Die Liebesehe ist für ihn ein Ding der Unmöglichkeit, weil Liebe spontan ist, ein Schicksal, weil sie etwas Romantisch-Irrationales hat. Die Ehe wiederum ist eine Institution, sie basiert auf einem Vertrag. Hier stehen keine Gefühle im Vordergrund, sondern die Organisation. Also schlussfolgert Retzer:  „Die Liebesbeziehung ist überfordert, weil sie ständig dafür zu sorgen hat, dass sie sich nicht im alltäglichen Leben realisiert, und die Ehe ist überfordert, weil sie etwas zu leisten hat, was nicht im Regelwerk der Organisation Ehe vorgesehen und daher nicht zu haben ist.“ Trotzdem ist für Retzer nichts vernünftiger, als in einer Ehe auf die Liebe zu setzen.
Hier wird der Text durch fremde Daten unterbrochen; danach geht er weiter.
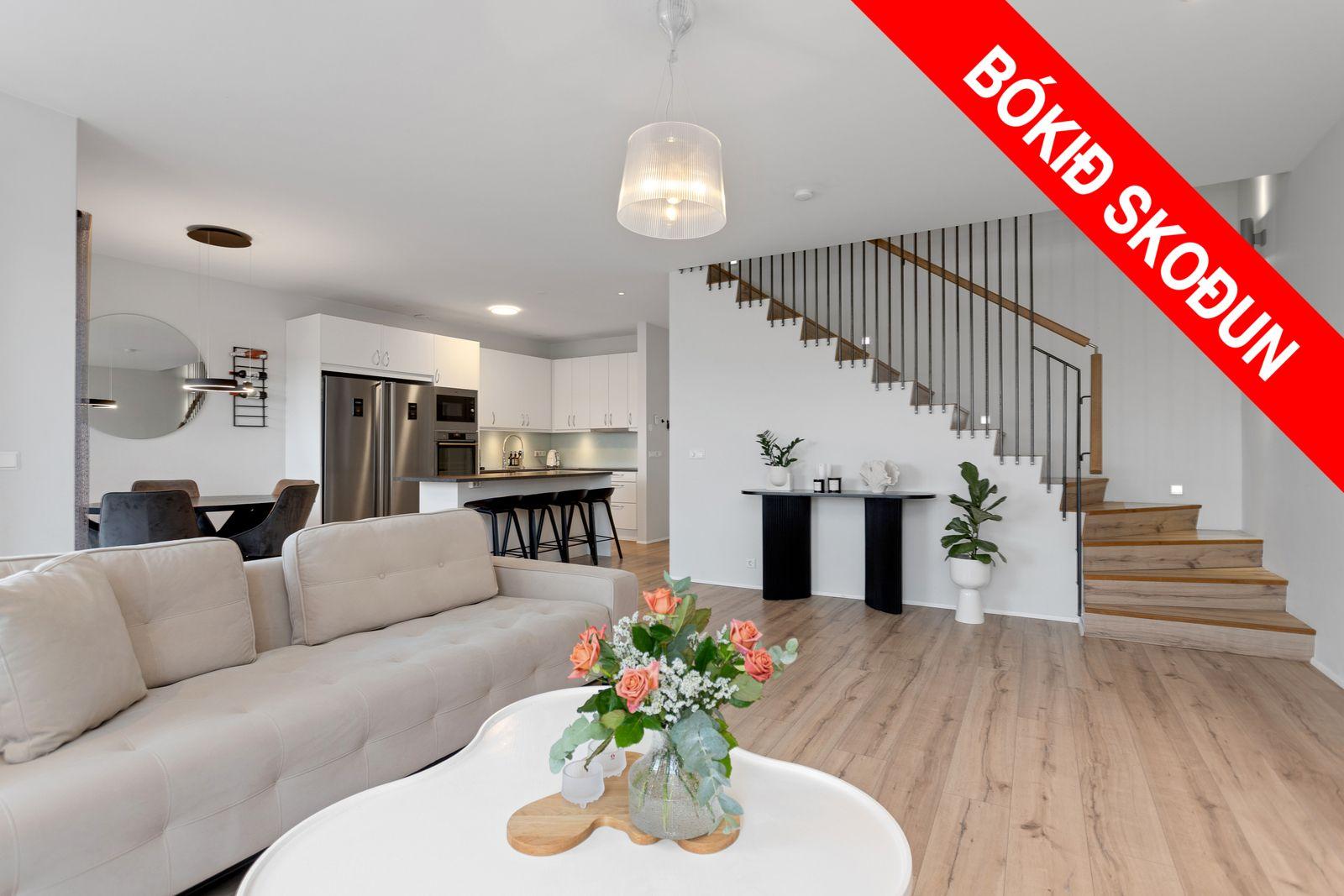 Steyptur parketlagður stigi upp á efri hæð hússins með fallegu járnhandriði og innfelldri lýsingu í vegg við stigaþrep.Efri hæð -Sjónvarpshol/ gangur: Komið er upp í sjónvarpshol sem er nýtt í dag sem hol. Góð lofthæð er í holi og gangi með innfelldri led lýsingu. Parket á gólfi.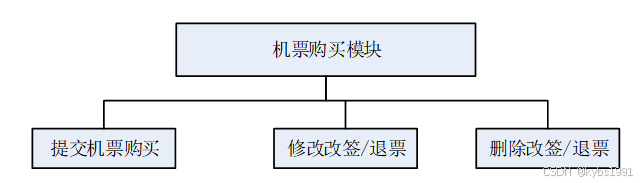 航空票务管理系统最重要的一个功能就是购买,其模块功能结构,具体的结构图如下: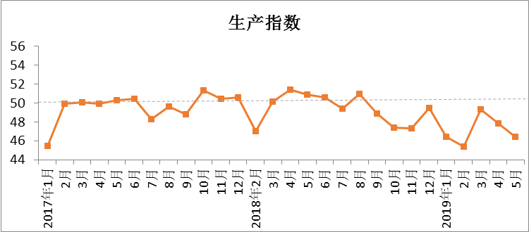 5月生產(chǎn)指數(shù)46.4,與4月相比下降1.41。根據(jù)中棉行協(xié)調研了解,5月紡織企業(yè)設備開臺率均有不同程度的下降,在南方個別地區(qū),牛仔布生產(chǎn)企業(yè)的漿染生產(chǎn)線開臺率不足,出現(xiàn)了旺季的“清冷”現(xiàn)象,某針織工業(yè)園5月工業(yè)用電量和蒸汽使用量較去年同期均有所下降,河南、江西、湖北、四川、新疆等省地部分紡織企業(yè)出現(xiàn)限產(chǎn)現(xiàn)象。跟蹤企業(yè)數(shù)據(jù)顯示,5月紗產(chǎn)量環(huán)比下降3.36%,布產(chǎn)量環(huán)比下降0.07%。其中,純棉紗和純棉布產(chǎn)量下降較為明顯。走訪企業(yè)表示,由于訂單縮減,加上正值麥收季節(jié),因此企業(yè)選擇延長端午假期,也有企業(yè)通過增加排班讓工人輪休工作。因此,預計6月生產(chǎn)指數(shù)大概率維持下降。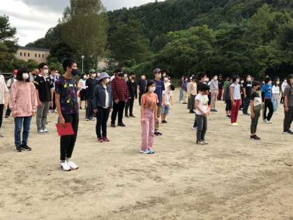 学園に到着しました。開園式を行なって部屋に入ります。残念ながら今日は富士山を見ることができません。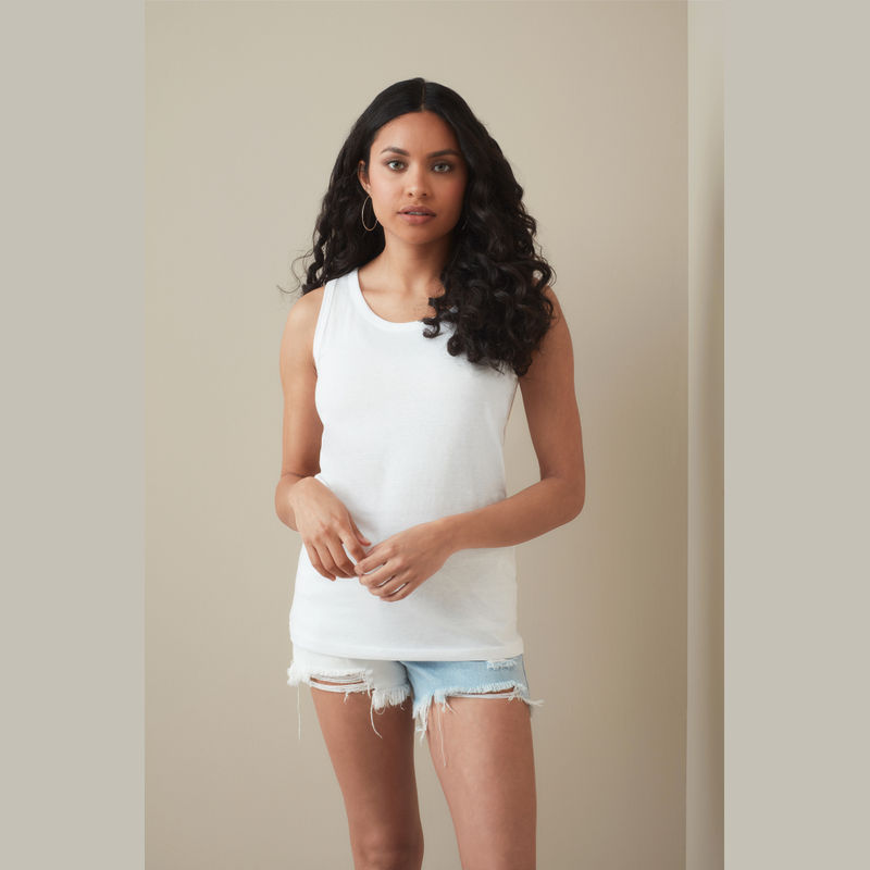 Soft tank top for women, with side seams, collar and arm holes with binding and made of durable single jersey cotton.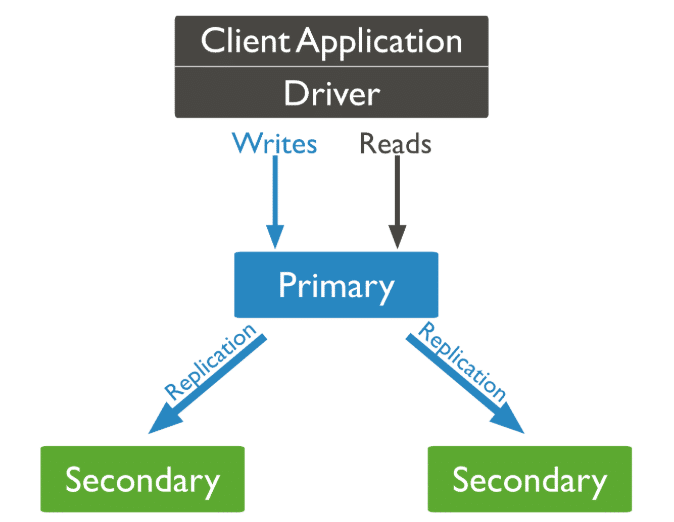 One node acts as the primary, receiving all write operations and replicating this information to the other secondary nodes: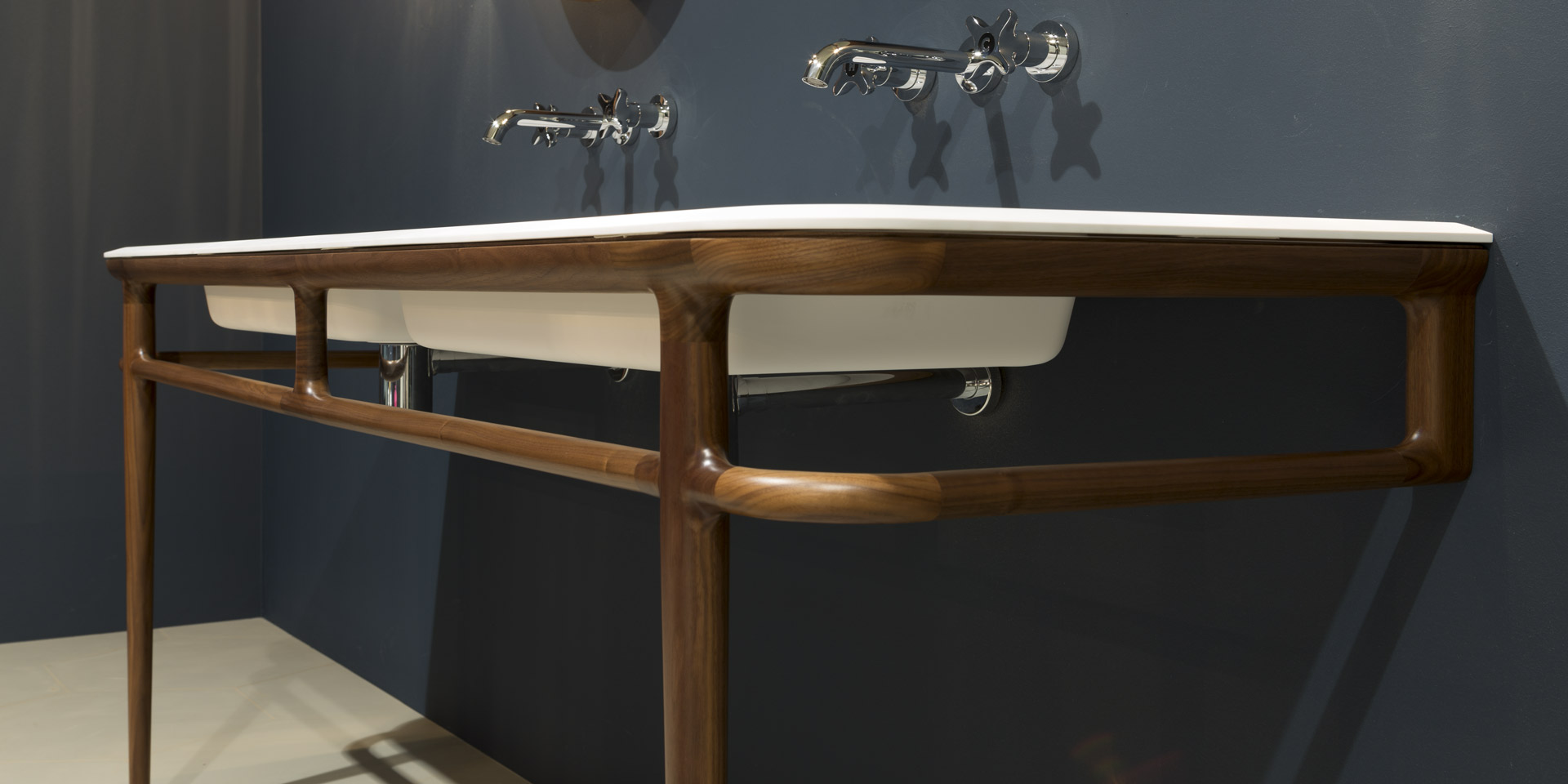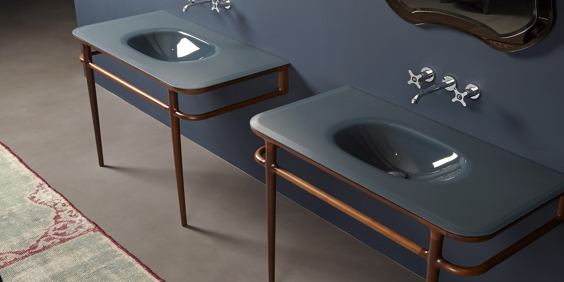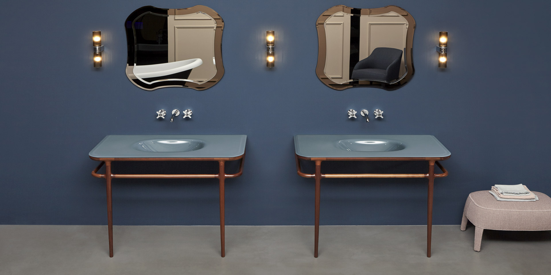 " I thought it would be right to find a link between what we were doing and the past of the company. The mirrors seemed to me the most appropriate element, we decided to redesign and adapt them to current tastes. We designed a family of very large objects, console and American walnut furniture, of various sizes, faucets, toilet and bidet, bath and shower with legs decorated glass, one full bathroom scene "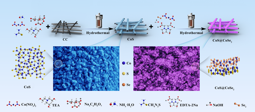 电解水制氢是绿色氢能规模化的关键,但阳极析氧反应动力学缓慢严重制约其效率。本研究针对单一金属硫属化合物催化剂活性不足等问题,提出“外延生长异质结工程”新策略,在CoS表面外延生长CoSe2纳米棒,构建了CoS@CoSe2异质结。该催化剂在碱性条件下仅需115 mV过电位即可达到10 mA cm-2的电流密度,且稳定性优异。DFT计算表明,异质结通过调控界面电荷与电子结构,优化OH- 吸附并降低反应能垒,显著提升了催化剂的析氧性能。

Nur müsse halt eine kunstvolle Balance hergestellt werden (Autonomieverluste einkalkulieren! Widersprüche aushalten!), nur müssten sich die Partner immer mal wieder vergewissern, was sie einst zusammengebracht hat. Denn dies könne „in vielen Fällen die Liebesgeschichte wieder reaktivieren oder zumindest den Unterschied zwischen damals und heute erkennbar machen, und es können sich daraus Konsequenzen entwickeln“.

Und schon stellt sich die Frage, die Retzer ins Zentrum seines Buches gestellt hat und die all die bewegt, die sich trotz 200 000 geschiedener Ehen pro Jahr in Deutschland immer wieder aufs Neue dauerhaft aufeinander einlassen: Wie kann eine Ehe bloß gelingen? Knarrt es zumindest zu Beginn etwas in Retzers argumentativen Gedankengebäude – ohne Liebe keine Beziehung, wer hätte das gedacht? –, so erörtert er im Folgenden sehr schön, wie Ehen vielleicht lebenslang funktionieren können: Man muss in einer Paarbeziehung vergeben können, das aber soll ein Akt subjektiv empfundener Freiheit sein und nicht mit Forderungen einhergehen. Man darf nicht auf hundertprozentige Gleichheit oder Gleichberechtigung hoffen, schon gar nicht auf Ausgleich, wenn einer der Partner eine Affäre hat. Man muss auch in der Ehe befreundet sein können. Man darf das Glück nicht erzwingen wollen. Man muss Konflikte austragen können, man darf keinen Ärger anstauen, und Lachen ist natürlich auch wichtig. Sonnenklar, das alles, von Retzer immer wieder unterstrichen mit schön merkwürdigen Formulierungen. Von der „resignativen Reife“ spricht er und meint das positiv, vom „abrufinduzierten Vergessen“, wenn schlechte Erinnerungen wieder einmal zu einer schweren Belastung der Beziehung werden. Oder davon, dass in jeder guten Ehe der Weg von der „Illusion des Vertragens zur Reife des Ertragens“ beschritten wird.

Dass Retzers Empfehlungen und Analysen auf dem einen Blatt stehen, die Wirklichkeit aber auf einem anderen, ist auch sonnenklar – sonst würden nicht so viele Ehen geschieden werden, sonst hätten Kontaktagenturen im Internet und anderswo keine Hochkonjunktur. Wie sagte doch kurz vorm Jahreswechsel die Popsängerin Sarah Connor, als sie die Scheidung von ihrem Mann Marc Terenzi bekannt gab: „Unsere Ehe ist zu Ende, nicht aber unsere tiefe Liebe und Freundschaft.“ So kommt über den Umweg der Ehe vielleicht auch die Liebe eines Tages wieder aus ihrer Krise heraus.

Arnold Retzer: Lob der Vernunftehe. Eine Streitschrift für mehr Realismus in der Liebe. S. Fischer Verlag, Frankfurt/Main 2009. 298 Seiten, 18, 95 Euro.